Thu

Jan 18
2007

Tim O'Reilly

Tim O'Reilly

Tag Cloud of "What is Web 2.0?"

Andrew Odewahn, the director of the O'Reilly Network, wrote:

Tim Allwine and I been experimenting with various services to make tag clouds of arbitrary data. (i.e., services to do stemming, remove stop words, calculate stats, and render a styled cloud using an AJAX widget John Allwine put together). Just for fun, I pointed these tools at Tim's "What is Web 2.0" article and got the attached file back. I thought it was pretty amazing how quickly the broad themes popped out.

what_is_web20.jpg

Also interesting to me is how tag clouds are morphing into a general analytical metaphor. The term seems to have become a shorthand way of saying "a visual display that conveys the broad themes that emerge from textual analysis." For example, here's something Richard MacManus pointed to on Read/WriteWeb: Bill Gates CES speech as a tag cloud. Here's another example by Chirag Mehta -- a visualization of the state of the union address -- it's even animated, so you can see themes rise and fade over time."

Now, on the one hand, this is very cool, and the tag cloud for the article is a true reflection of many of the concepts in the article. For example, the size of the word "data" emphasizes a point that is central to my thinking on Web 2.0 but that I still don't think has been grasped entirely by many people in the software industry. But the tag cloud also shows the limits of tag clouds. The single most important phrase that describes Web 2.0 is "collective intelligence" and you'll never see that in the cloud. Maybe a version that looks for phrases and not just words would help. In addition to collective intelligence, words and phrases that I would think of as central to Web 2.0 include "data", "users", "platform", "network effects", and "internet."

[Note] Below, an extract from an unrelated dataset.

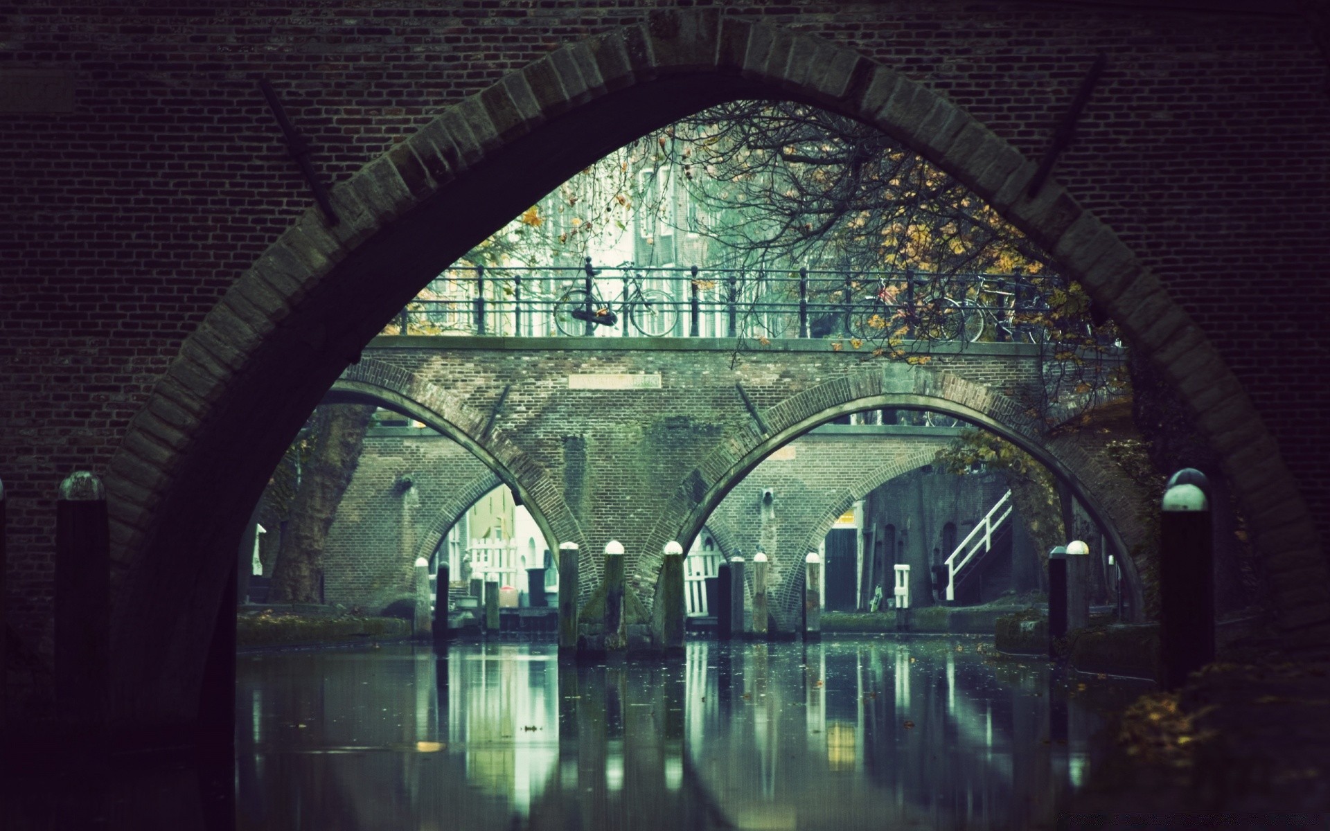 Photo noir et blanc d'un pont coucher de soleil avec des lanternes
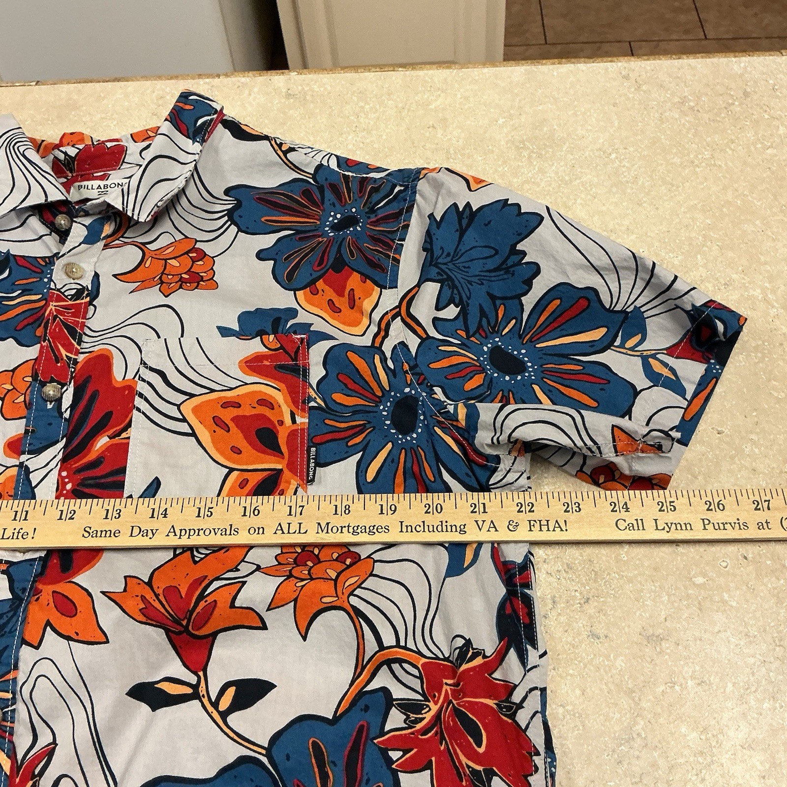 как выглядит Billabong SZ XL Men s Tropical Print Tailored Fit /stretch Button Up Shirt Beach фото

All that being said, I'm a big fan of tag clouds. We used them a bunch to analyze the topics, companies and people at the last FOO Camp, and they were the most useful of the visualizations we did. They helped us see where we were under- and over-represented in terms of companies and particular technologies we were wanting to explore. Ryan Grimm and Andy Bruno also built an awesome tag cloud/search engine of the content of all O'Reilly books. So they have many uses beyond just showing what we normally think of as tags. Thanks, Andrew!


tags: web 2.0  | comments: 11   | Sphere It
submit:

 
Previous  |  Next

0 TrackBacks

TrackBack URL for this entry: http://blogs.oreilly.com/cgi-bin/mt/mt-t.cgi/5177

Comments: 11

  michael holloway [01.18.07 06:10 AM]

What about a cloud from all Web 2.0 articles comments sections? What themes come forward? Are they similar? Or in other words, are we getting you?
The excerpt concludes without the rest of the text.